I have some (medical) longitudinal data on the detection (or not) of bronchiectasis. I wish to count the number of participants with and without bronchiectasis at their latest follow up/check. I then wish to store the number of patients who do have bronchiectasis and the number who don't. This is so I can then insert that number/value into a qmd report easily. (I have other outcomes where I need this method).

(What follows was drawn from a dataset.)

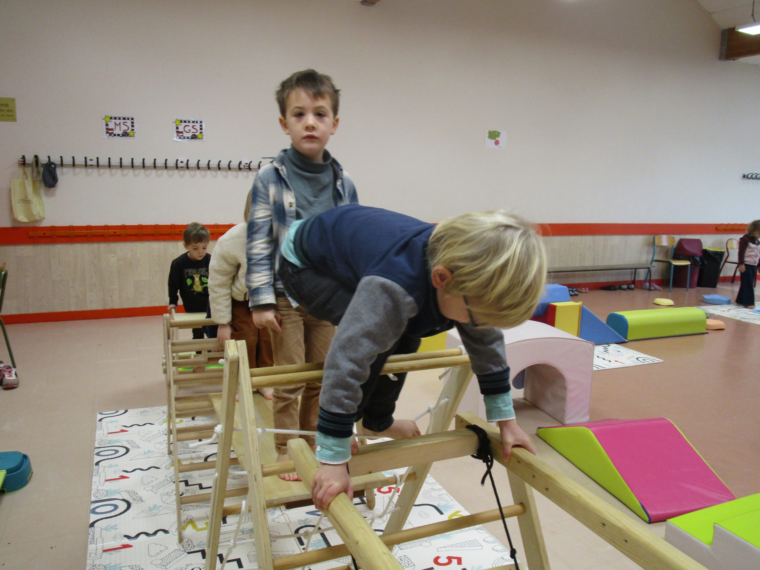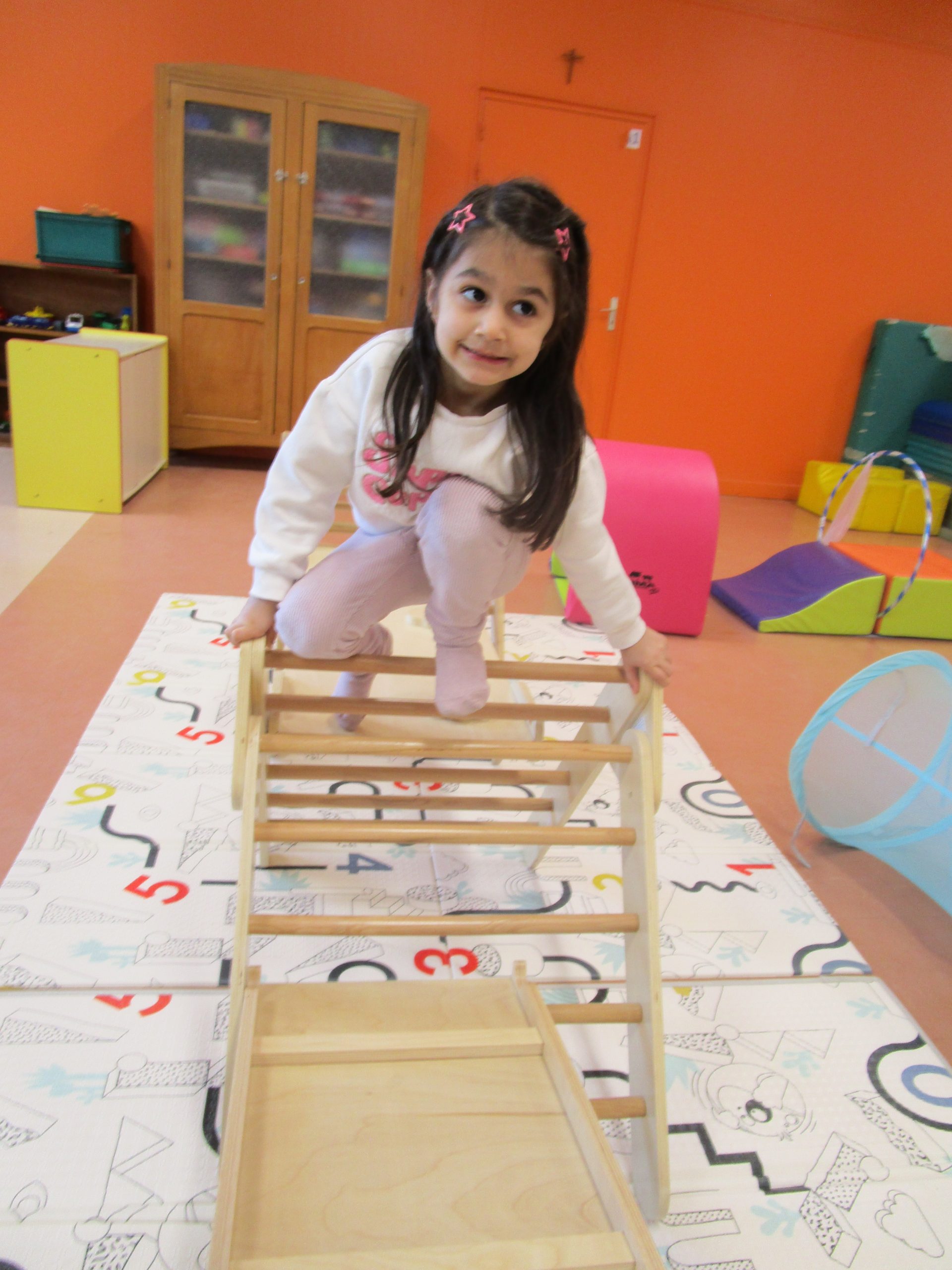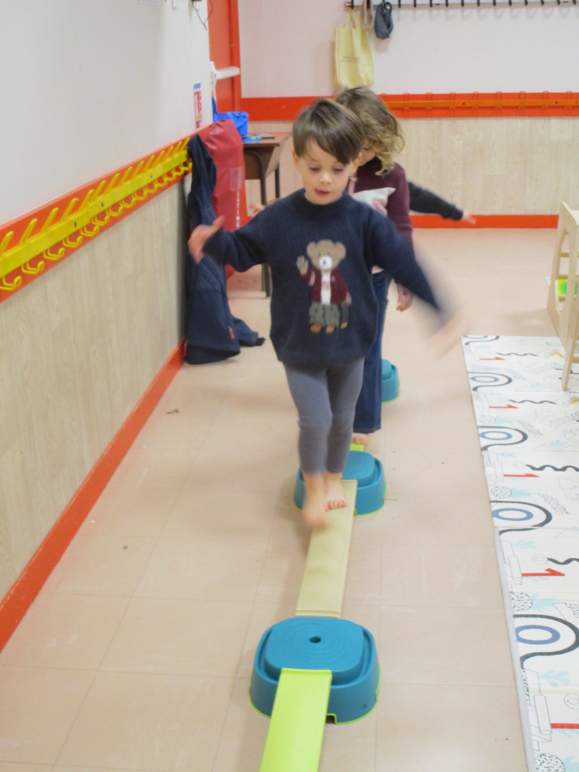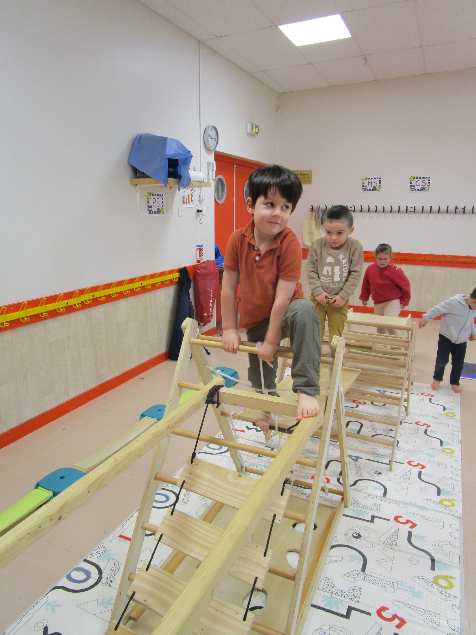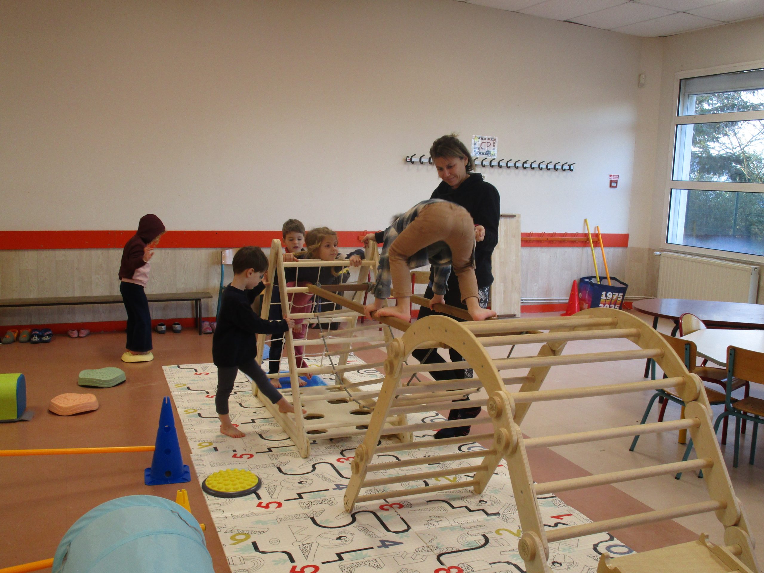 Nous avons la chance d’accueillir VALERIE, la maman d’ALIX, avec son parcours de motricité XXL. Quel plaisir de déambuler, grimper, rouler, escalader… pieds nus dans ces magnifiques structures aux multiples facettes : pont de singe, tunnel, espalier, poutres… Le plaisir des enfants était réel, très visiblement réel !!!

Is there a simpler/more accurate method of what I'm doing
Example df
id | date_of_followup | bronchiectasis |
---|---|---|
1 | 01/01/2022 | N |
1 | 01/12/2022 | Y |
2 | 02/07/2022 | Y |
2 | 5/6/2023 | Y |
3 | 01/05/2021 | N |
3 | 3/12/2022 | N |
This is my current code
df1 <- df %>%
group_by(id) %>%
filter(date_of_followup == max(date_of_followup )) %>%
filter(bronchiectasis=="Y")
bronchiectasisyes <- sum(df1$bronchiectasis == "Y")
df2 <- df%>%
group_by(id) %>%
filter(date_of_followup == max(date_of_followup )) %>%
filter(bronchiectasis=="N")
bronchiectasisno <- sum(df2$bronchiectasis == "N")
This gets me the desired outcome, but perhaps is a bit messy and I suspect there is a more elegant/robust method
Fixing the date, filtering for max-per-id, then summarizing:
library(dplyr)
df %>%
mutate(date_of_followup = as.Date(date_of_followup, format="%m/%d/%Y")) %>%
slice_max(date_of_followup, by = id) %>%
count(bronchiectasis)
# bronchiectasis n
# 1 N 1
# 2 Y 2
To confirm this is working, see the interim step:
df %>%
mutate(date_of_followup = as.Date(date_of_followup, format="%m/%d/%Y")) %>%
slice_max(date_of_followup, by = id)
# id date_of_followup bronchiectasis
# 1 1 2022-01-12 Y
# 2 2 2023-05-06 Y
# 3 3 2022-03-12 N
(I'm assuming m/d/Y format for your dates ... fix as appropriate.)